Quantitative analysis of similarities and differences in neurotoxicities caused by adenosine and 2'-deoxyadenosine in sympathetic neurons.

These experiments characterize the nucleoside transport and quantify the neurotoxicity of adenosine and 2'-deoxyadenosine (dAdo) in chick sympathetic neurons. We show that [3H]adenosine transport was sensitive to low temperature, specific inhibitors of nucleoside transport, and an excess concentration of adenosine. However, many of these treatments had a marginal effect on [3H]dAdo transport. Total retention of [3H]dAdo over short and long periods was approximately 10 times less than that of [3H]adenosine. These data suggest that adenosine and dAdo enter sympathetic neurons by different routes. Uptake of (3H]norepinephrine ([3H]NE) decreased in neurons damaged by nucleosides and increased to control levels when neurons were protected by various agents against adenosine or dAdo toxicity. These results indicate that [3H]NE uptake serves as a quantitative index of toxicity by the nucleosides.
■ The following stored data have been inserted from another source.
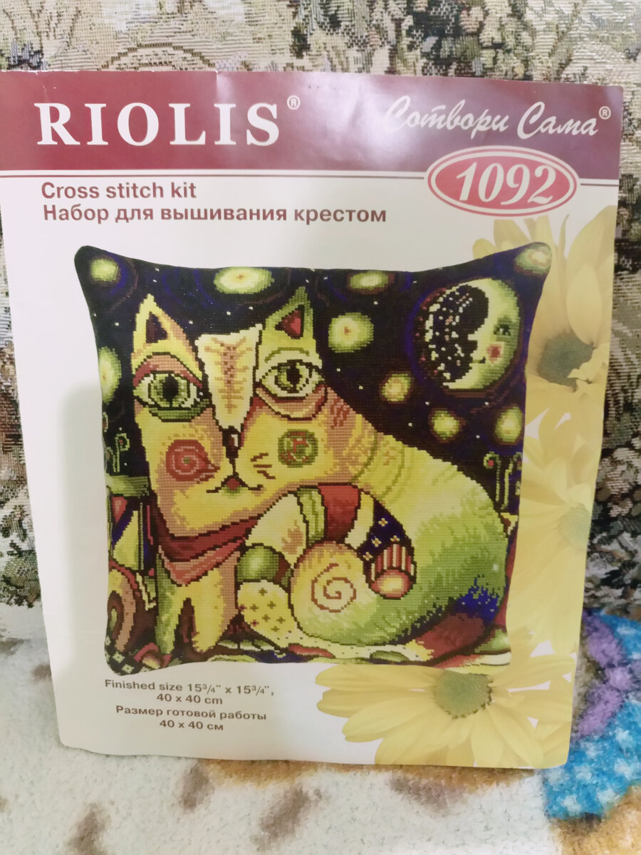 Здравствуйте, дорогие мои! Хочу поделиться с Вами радостью. Наконец - то я добралась до одного очень красивого наборчика от "Риолис" - " Лунная дорога". Давно он у меня в запасах. Я не очень признаю абстрактные и ассиметричные сюжеты в вышивке, но иногда могу сделать исключение. В данном случае меня влюбила палитра ниточек. Пускай будет этот необычный кот, но какой кот! Какими цветами будет выкрашен небосвод и какими засияют звёзды - это просто волшебство! Люблю я всякое волшебство! А может это кот баюн?!)) Схемка, как обычно, цветная символьная.Канва 10 - одно удовольствие на ней вышивать! Вот, просмотрите, что получается Работа только начата, но летит быстро! Следите за отшивом, не пропускайте. Желаю Всем здоровья, хорошего настроения и успехов в Ваших начинаниях! До новых встреч!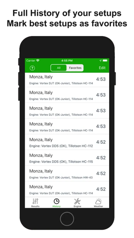 • History: This tab contains the history of all carburetor configs. This tab also contains your favorite carburetor configs.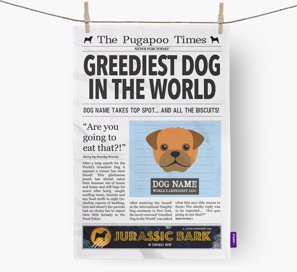 This unique dish towel puts Pugapoo truly in the spotlight (as if they weren’t already). It features a Yappy exclusive Pugapoo mug shot icon as well as two smaller Pugapoo silhouettes.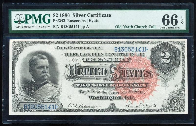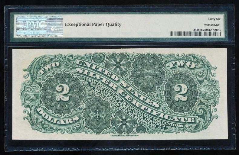 One 1886 $2 Silver Certificate PMG 66EPQ.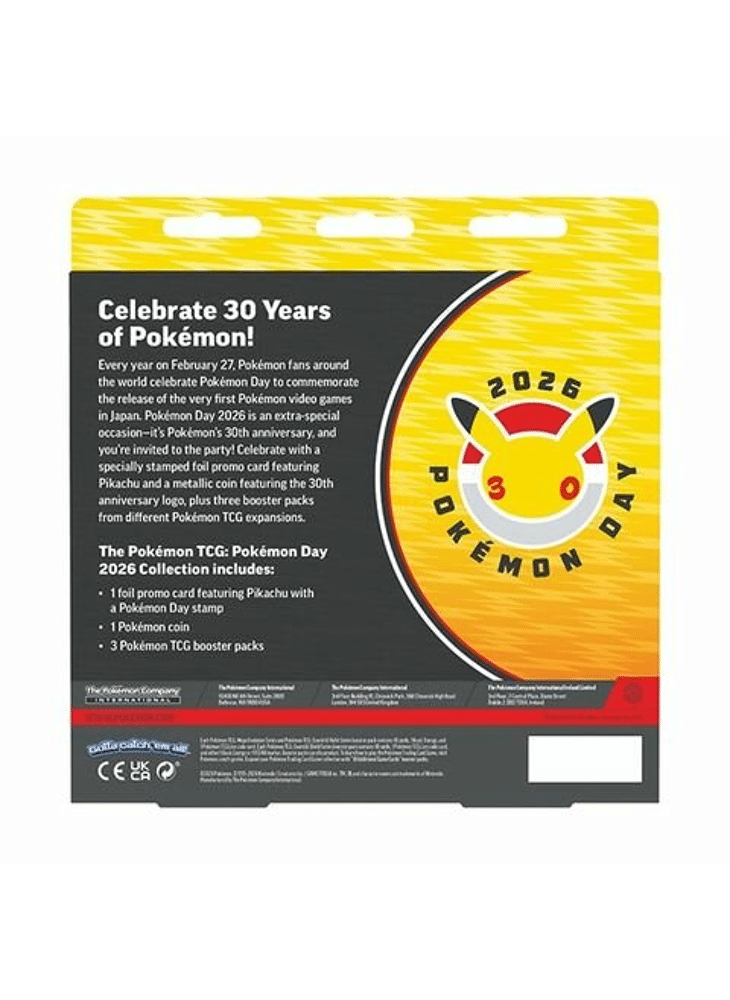 Vier 30 jaar Pokémon met de Pokémon Day 2026 Collection. Deze feestelijke set bevat een glanzende Pikachu-promokaart met exclusieve Pokémon Day-stempel, een metalen jubileummunt en 3 booster packs uit verschillende Pokémon TCG-uitbreidingen. Inclusief codekaarten voor Pokémon TCG Live, zodat je ook digitaal kunt spelen en verzamelen.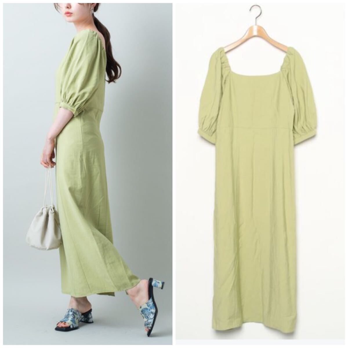 女性らしいシルエットのスクエアワンピース。デザインボリューム袖とスクエアネックが女性らしい、デザインです。伸縮性のある素材で、夏の時期も着易いサラッとした素材感。前後スクエアネックのデザインは背中とデコルテラインを綺麗に魅せてくれ、程よい肌見せが叶います。袖は5部袖。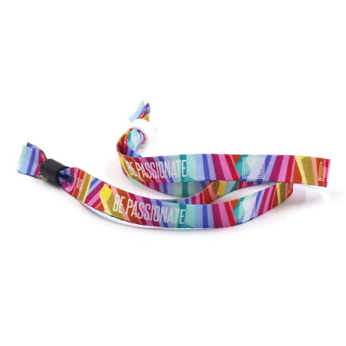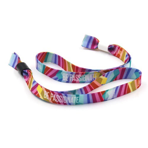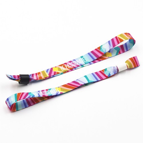 Sublimation-printed fabric wristbands allow you to choose any Pantone card number, giving you the ability to get really creative. And you can choose to print on one side or both sides. Different to woven wristbands, logo with gradient color also available. So, if you want fast delivery and wonderful color, sublimation-printed fabric wristbands will be your best choice.

Using this approach we demonstrate that phosphorylation of both nucleosides is essential for their lethal action. For example, iodotubercidin prevented nucleoside-induced neuronal death, but the effect was much more pronounced in the case of dAdo toxicity (IC50 of 0.83 +/- 0.4 vs. 30 +/- 1.6 nM). Another kinase inhibitor, 5'-amino 5'-deoxyadenosine, was effective in protecting neurons against dAdo but had no effect against adenosine toxicity. These results suggest that specific kinases are associated with the phosphorylation of adenosine and dAdo in sympathetic neurons to produce toxic metabolic products. Finally, neurons were susceptible to dAdo toxicity from the time of plating to 4 weeks in culture but were resistant to adenosine toxicity 8 h after plating. In conclusion, our results highlight major differences in the mechanism of neurotoxicity by adenosine and dAdo and provide insights for identification of biochemical pathways leading to neuronal death.